白鳥則郎君は、1977年に東北大学大学院(博士課程)を修了し、東北大学において情報通信に関わる教育・研究に携わって来られました。更に定年後は早稲田大学、中央大学からお招きいただき当該分野の多数の博士・修士の俊英を育成し国内外で活躍中の人材を輩出しています。
学会活動に関しては、1)情報処理学会では研究会主査、理事、副会長、会長を務め功績賞、名誉会員に推挙されています。2)人工知能学会では理事として活動されました。3)電子情報通信学会では人工知能、情報ネットワーク、通信ソフトウェアなど情報通信とAIに関わる3つの研究会の委員長を歴任し、業績賞、功績賞、名誉員に推挙。4)欧州のIFIPでは、日本代表を務められました。5)米国のIEEEでは、新しいシステム概念としてAI秘書、共生コンピューティング、やわらかいネットワークを提唱すると共に、情報通信にAIを導入し高度な情報システムの開発へ向けた研究を先導するパイオニアとしてIEEE Fellow、更にLife Fellowに推挙されております。また、IEEE Sendai Section Chair とIEEE Japan‐Council Vice‐Chairを歴任されました。更に、東日本大震災の折には「IEEE HTC 2013 in 仙台」を開催し、IEEE 現会長、前会長、次期会長が出席されるなど、共同主催者の一人として成功に導かれました。

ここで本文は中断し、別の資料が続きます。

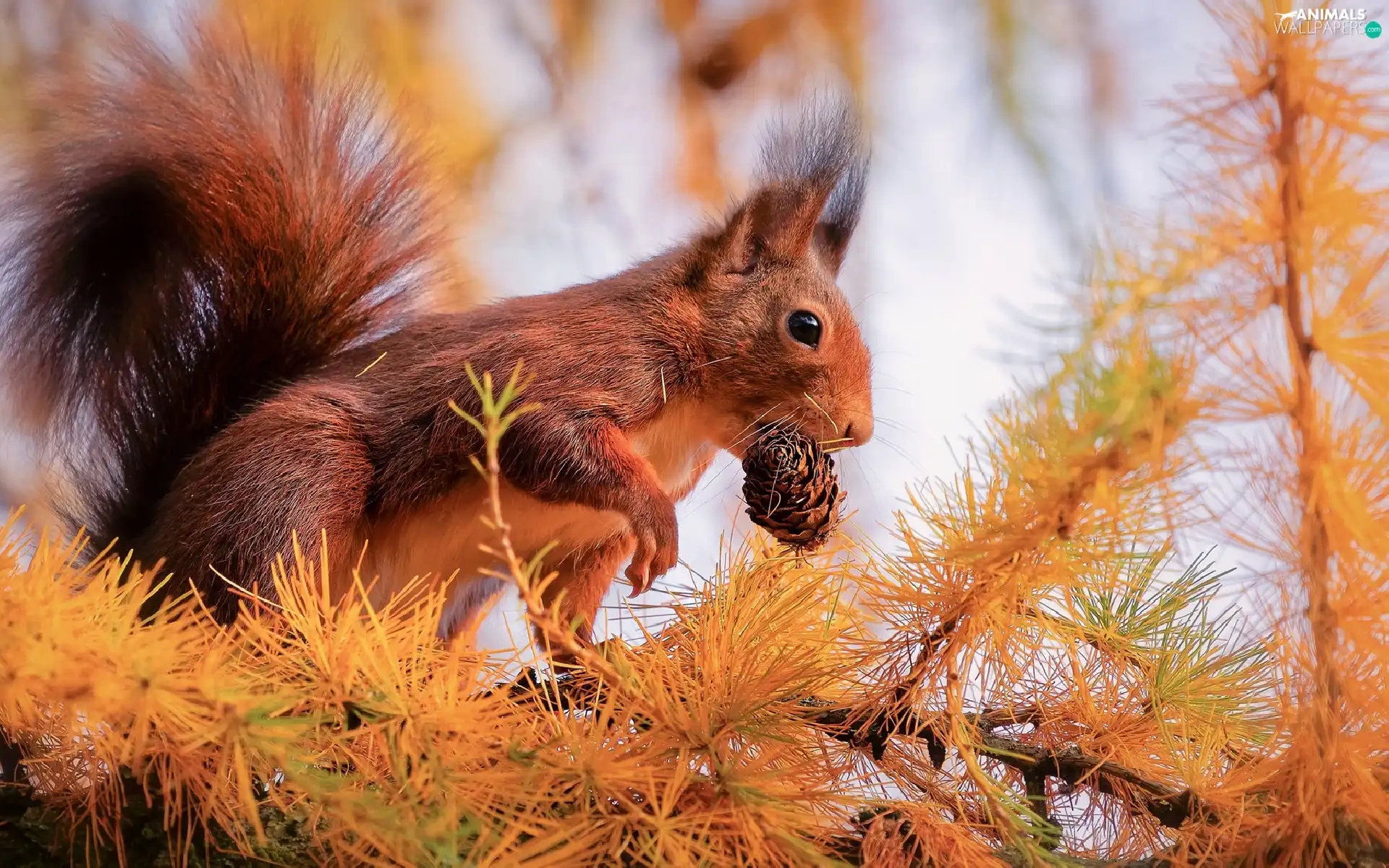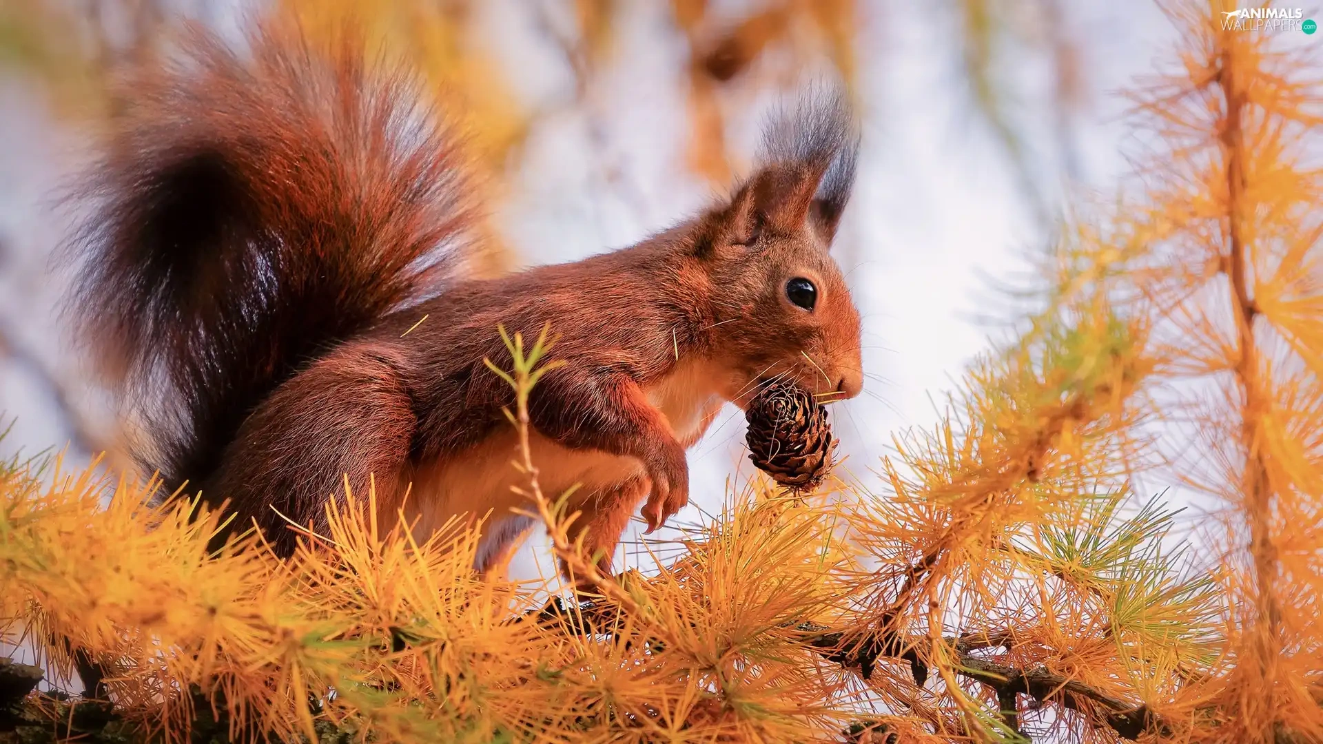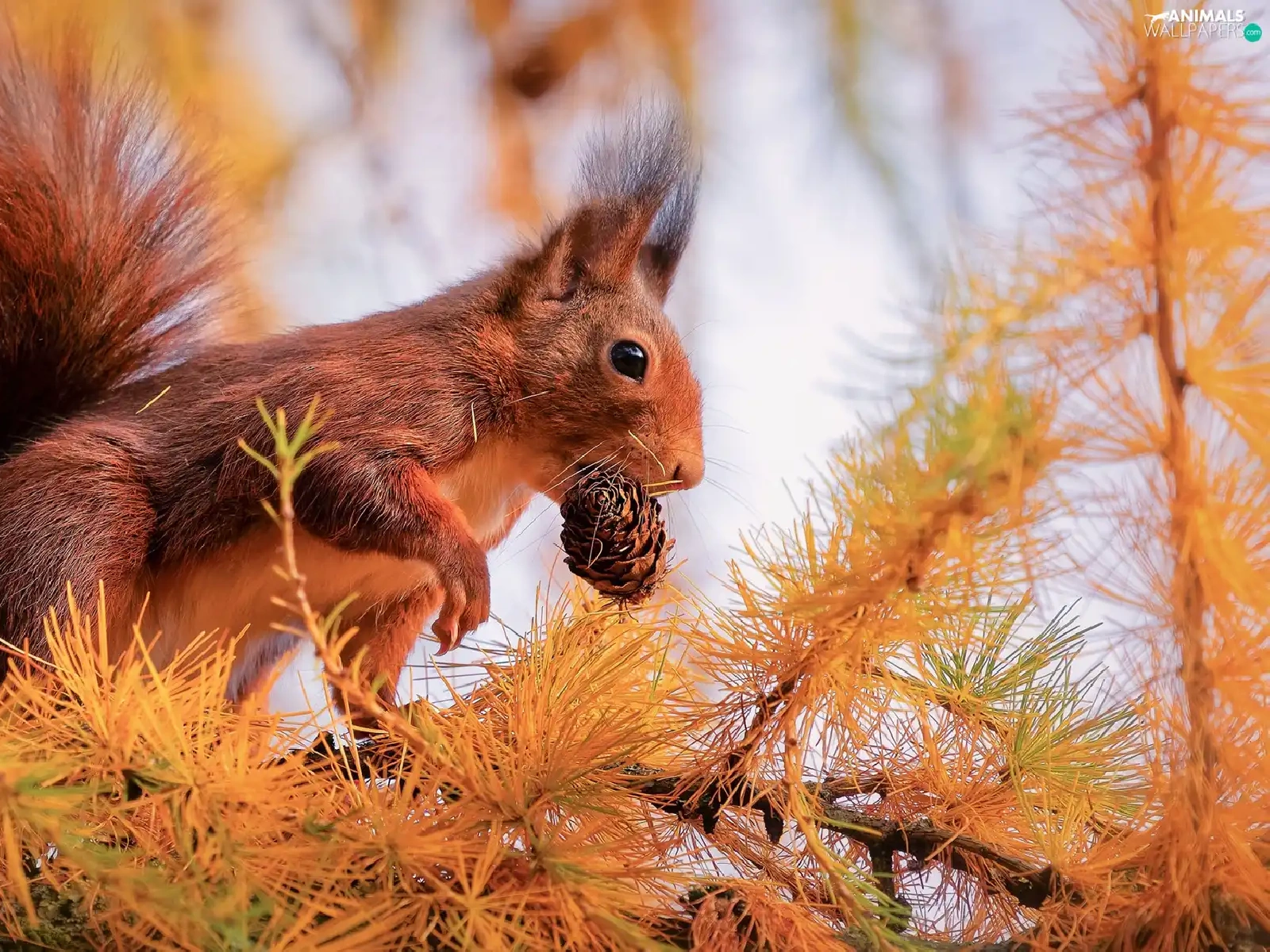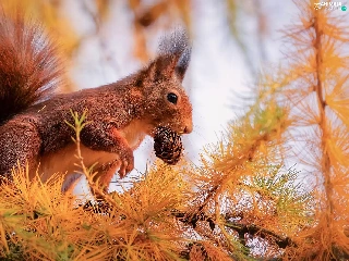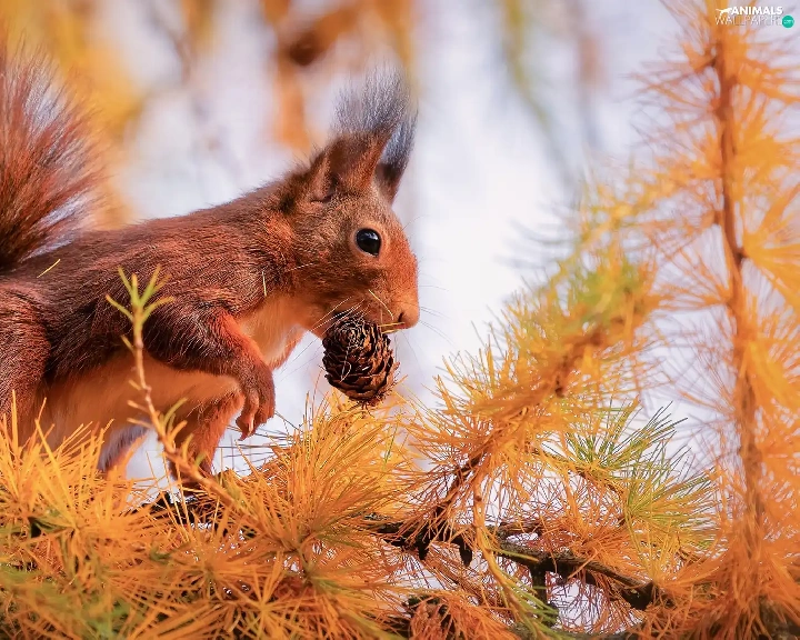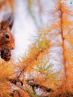 larch, branch pics, cone, trees, squirrel

研究活動では、1990年代に新しい情報システムの基本概念として、近年のサイバーフィジカル、メタバースの先駆けとなる共生コンピューティングの考え方を提唱されました。つぎに、これらに基づいた研究を推進し、特に政府系の研究プロジェクトとして、1)総務省:栗原グリーンプロジェクト「人の暮らしと自然が共生するICTシステムを構築するための地域実証」、2)日本学術振興会:未来開拓プロジェクト「やわらかいネットワークアーキテクチャ:動的ネットワーキング」など6件の産学連携プロジェクトを、代表者として成功裏に推進しました。さらに、国際標準化機関IETFにおいて、2件のMobile IPv6に関する標準化にも成功されました。これらの成果は学術分野だけでなく、社会的に広く注目されテレビ、新聞にも取り上げられました。
教育については、情報通信の講義と大学院生の研究指導、更に高度な人材育成へ向けて、リベラルアーツを念頭に置いた教科書の編纂と執筆に注力され、「未来へつなぐデジタルシリーズ」(39巻、共立出版社)を企画・編集し既に大学、高専の教科書として利活用されております。大学院生の研究指導については、指導教授・主査として20年間に情報通信分野の博士63名(課程博士45名、社会人・論文博士18名)の俊英を育成されました。
以上のように、同君が、高度な情報技術の研究・発展と高度な人材育成に尽くした貢献は、誠に顕著であります。